“Assassin’s Creed: Origins” opens new windows for virtual adventure


Photo courtesy of Ubisoft

Audrey Serrano, Features Editor

DISCLAIMER: Assassin’s Creed: Origins is rated M for Mature. You must be 17 years or older, or have the permission of a guardian to play it. The Talon does NOT encourage underage students to obtain the game without permission.

Secret societies, mystical ancient artifacts, and exploring unknown lands- what more could you want in a video game? Luckily, the new “Assassin’s Creed” has all of that.

The latest installment of the “Assassin’s Creed” video game franchise, “Assassin’s Creed: Origins” was released Oct 27, two years after its predecessor.

“Assassin’s Creed” has been an ongoing video game series since their debut in 2007 with a video game with the same namesake. Since then, the franchise has released 15 games in total, but only nine of them follow the main storyline while the others are additional side stories.

The whole series primarily follows the rivalry between two ancient secret societies, the Assassins and the Knights Templar, and their quests to attain certain ancient artifacts that hold unknown amounts of power. Rather than being entirely submerged into the time period from which the games are mostly set in, the games add a twist in that the ancient settings and environments the player is venturing around are actually more so memories of the protagonist’s ancestors that are achieved through a virtual simulation.

The real-world setting of the plot is actually in present-day and revolves around Abstergo Industries, the modern-day adaptation of the Knights Templar, and their secret device that allows its user to experience the memories of their ancestors. With this device, named the “Animus”, Abstergo basically kidnap people who are suspected descendants of those who have come across or even interacted with the relics they are searching for.

“Origins” serves as the series’ prequel and analyzes a bit more deeply the origins, hence the game’s title, of the centuries-long conflict between the Assassins and the Templar Order, though the antagonist order in this game specifically is the precursor of the Templar Order.

Since the franchise spans a decade, comparing “Origins” to its forerunners show major improvements.

Compared to the first game the franchise has ever released, the graphics for “Origins” are definitely more detailed and provide a more clear, focused landscape for which the game is set in.
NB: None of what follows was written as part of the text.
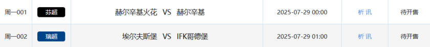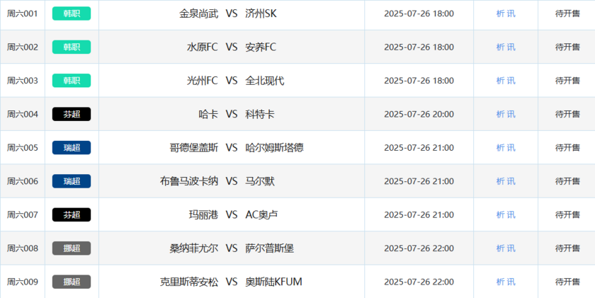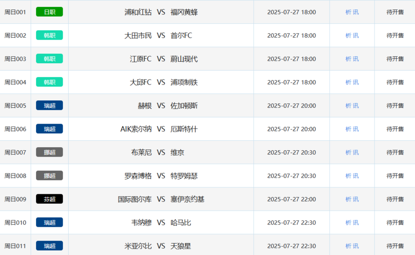北京时间7月25日,本周五竞彩开售7场比赛,包括1场芬超、1场挪超和5场美职联。本周六竞彩开售17场,涵盖3场韩职、4场挪超、3场瑞超、2场芬超和5场美职联。周日竞彩开售11场,包括1场日职、3场韩职、4场瑞超、2场挪超和1场芬超。下周一竞彩开售2场,分别为1场芬超和1场瑞超。

The animation for the scenery is also more open and less suffocating, compared to the more urban settings the previous games leaned towards.

With the more open space “Origins” is set in, it feels more loose and seems more appropriate for the assassin-protagonist concept, considering an assassin’s need for subtlety and low number of witnesses to the crime.

Of course at the time of its debut, the graphics for “Assassin’s Creed” were advanced and the concept of the plot that the franchise revolves around, mainly the stealth adventure prospect of it, was fairly new to audiences.

Gameplay has also improved immensely from previous games, mostly on combat. Combat in “Origins” is more of a free-for-all, with whatever weapon the player is holding hitting anything in its range allowing for more variations in combat outcomes, which is a step up from the predetermined animations and calculated combat movements the other games provided.

In addition to the combat improvements, arena fights separate from the narrative of the storyline were introduced and the opportunity for the player to simply explore the world of the game without the need to check off objectives or engage in combat has been announced for a future update for the game itself.

“Origins” has, so far, been received as one of the best games in the franchise and the game itself proved to be worthy of those reactions. Though most of the gameplay is undoubtedly the same as it was for the past eight games, the switch to a more open, both space-wise and culture wise, was a refreshing idea in itself.

This recent installment of the “Assassin’s Creed” games kept many of the same aspects that popularized “Assassin’s Creed”, down to the smallest technological bugs, and then built on those foundations and upped their graphics and interactivity. It was a great addition to the, seemingly, still ongoing series and is definitely a beautiful mystic adventure game to immerse yourself into.